Шарли переместила жвачку за другую щеку и села.
— Вчера, — сообщила она, — я зашла на «Кристи».
Дельфина Керн никак не отреагировала, только внимательно на нее посмотрела. В других обстоятельствах ее бы насмешила эта девчонка из Бобиньи, небрежно обронившая: «Зашла на „Кристи“», как говорят: «Зашла в „Макдональдс“».
— Неслабая цена, правда? — продолжала Шарли.
— Еще бы. Притом, что это был всего лишь пейзаж.
Глаза Шарли снова устремились на «Притяжение» и «Притяжение-2», живопись маслом на листовом железе. Обнаженные тела, написанные прямо поверх ржавчины, дышали красотой, от которой ей было почему-то неловко и чуточку противно… Она выплюнула жвачку в кулак, огляделась.
— План «Вижипират»?
[5]
— Что, простите?
— Мусорную корзину у вас убрали.
— У меня есть измельчитель.
— Класс, — оценила Шарли и сунула жвачку в рот.
— Вам удалось поработать с фотографиями?
Шарли достала из сумки два полароидных снимка, которые передала ей следователь: два крупных плана лиц, написанных красками на кровельном железе, — и положила их на стол среди папок с текущими делами.
— Не улавливаю я этих девушек.
У Дельфины сжалось горло.
— То есть вы хотите сказать, что они действительно мертвы?
— Нет. Вообще-то не знаю. Я такого не ожидала.
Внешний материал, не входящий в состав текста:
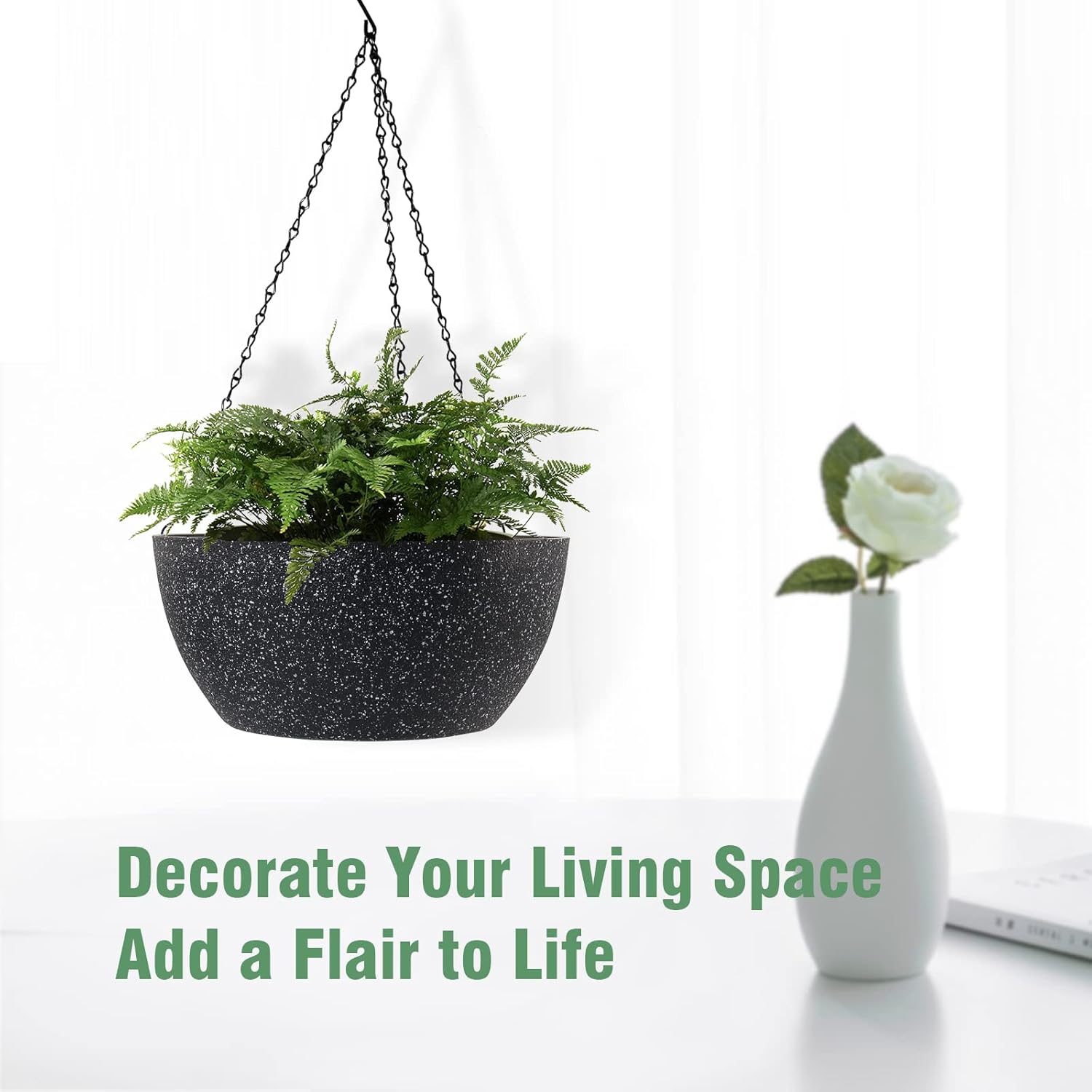 10 inch Hanging Planters for Outdoor Indoor Plants with Drainage Holes and Chain, 2 Pack Round Hanging Flower Pots for Garden Home Porch Decor, Speckled Black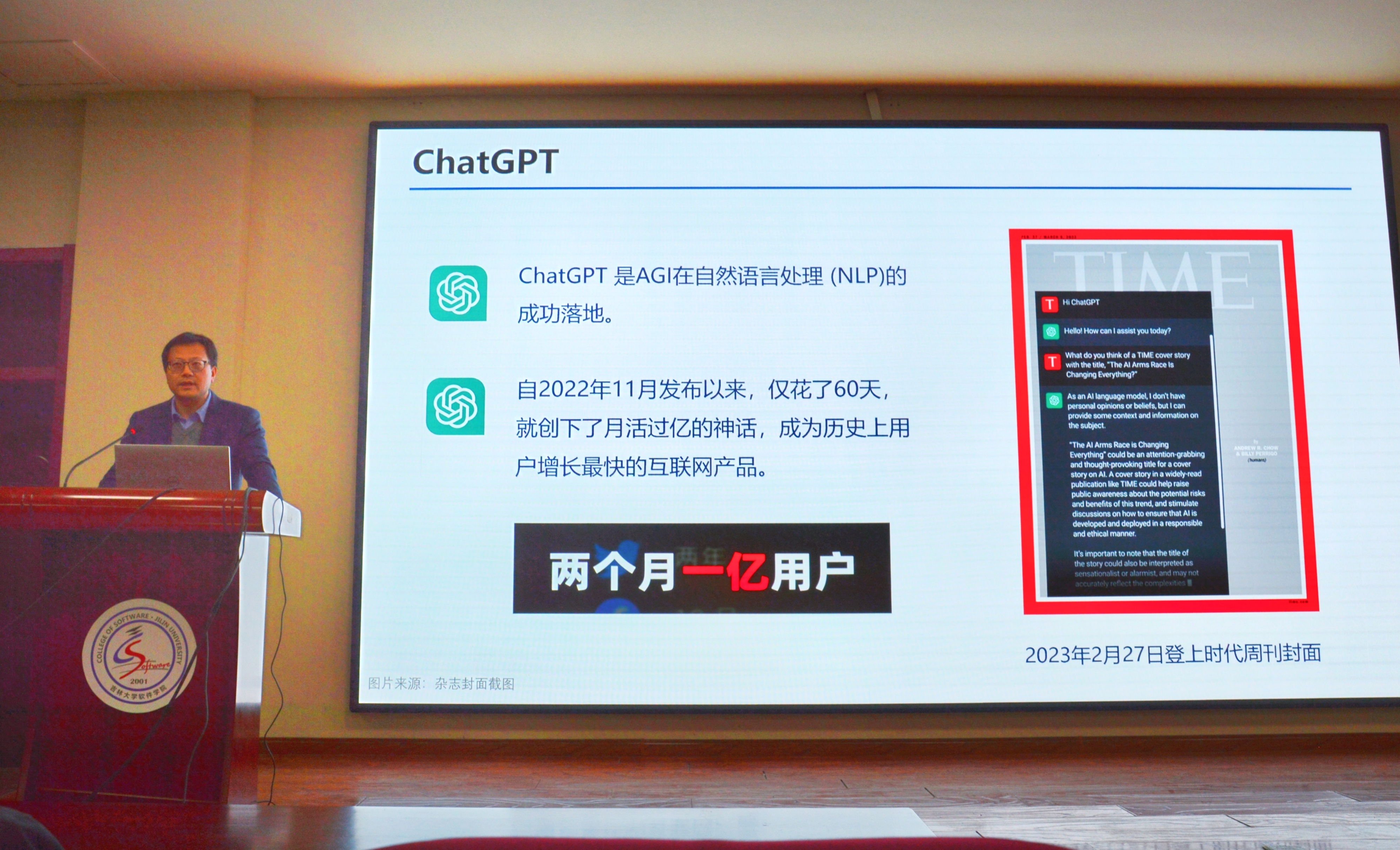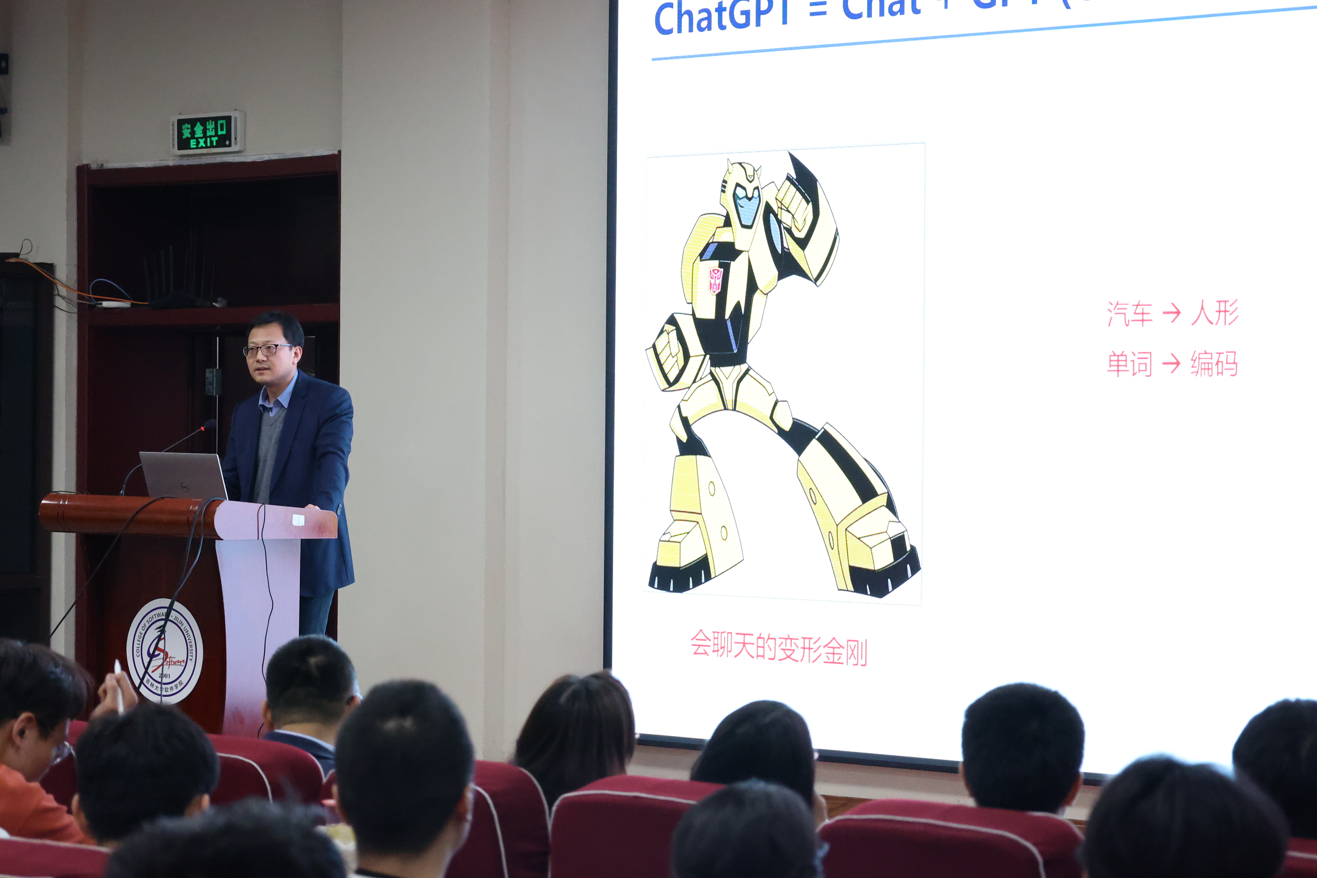 3月24日晚上,计算机科学与技术学院、软件学院院长杨博教授在王湘浩楼一楼大讲堂为两院学生主讲了题为《Chat ChatGPT》的学术讲座。在长达两个小时的讲座中,杨博院长通过针对性的案例结合人工智能在当下社会中的具体实践,将人工智能的演进史和ChatGPT的现状向同学们生动呈现。

В тишине дважды пробили часы на камине.
— Чего же вы ожидали, мадемуазель?
Шарли вдруг стала похожа на девчонку, плавающую на школьном экзамене.
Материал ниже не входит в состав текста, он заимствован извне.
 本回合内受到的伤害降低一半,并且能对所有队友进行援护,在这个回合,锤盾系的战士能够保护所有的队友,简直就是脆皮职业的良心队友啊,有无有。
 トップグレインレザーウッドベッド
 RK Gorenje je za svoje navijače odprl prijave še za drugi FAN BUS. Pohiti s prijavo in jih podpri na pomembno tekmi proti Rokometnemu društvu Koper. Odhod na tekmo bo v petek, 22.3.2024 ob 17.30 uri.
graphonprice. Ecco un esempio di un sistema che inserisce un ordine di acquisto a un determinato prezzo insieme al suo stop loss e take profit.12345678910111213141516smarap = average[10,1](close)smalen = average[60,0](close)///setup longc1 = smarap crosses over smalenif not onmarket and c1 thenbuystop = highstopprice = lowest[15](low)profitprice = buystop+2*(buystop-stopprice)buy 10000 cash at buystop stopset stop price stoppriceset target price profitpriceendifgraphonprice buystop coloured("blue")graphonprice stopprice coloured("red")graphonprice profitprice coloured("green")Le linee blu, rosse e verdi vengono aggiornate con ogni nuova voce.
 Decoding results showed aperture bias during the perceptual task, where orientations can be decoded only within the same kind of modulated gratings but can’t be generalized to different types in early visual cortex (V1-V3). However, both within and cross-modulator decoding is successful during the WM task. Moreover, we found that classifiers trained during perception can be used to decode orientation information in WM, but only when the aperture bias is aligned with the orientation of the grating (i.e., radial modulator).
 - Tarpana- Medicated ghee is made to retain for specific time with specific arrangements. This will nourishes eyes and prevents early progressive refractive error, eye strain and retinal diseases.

— Да не смотрите вы на меня так! — взвилась она. — Я вам не сикуха какая-нибудь, я каждого четвертого пропавшего нахожу моим маятником! Они со мной разговаривают, фотки, понятно вам? Я могу лажануться, но они — разговаривают! Всегда! А эти две — ничего не говорят! Ничегошеньки! Как вы это объясните?
Дельфина встала, обошла стол, направилась к полке, где между двумя скоросшивателями был втиснут термос.
— Кофе?
— Не пью.
— Я ничего не собираюсь объяснять, мадемуазель. У меня следствие застопорилось. Художник полгода сидит в тюрьме, он признался в убийстве двух девушек, тела которых так и не найдены, надо хоть что-то делать, за неимением лучшего я обращаюсь к ясновидящей, вот так!
— Я не ясновидящая, я — радиоэкстрасенс.
— Какая разница! Я хочу знать, где эти девушки! Где они?
— Там, — серьезно ответила Шарли, показав на картины.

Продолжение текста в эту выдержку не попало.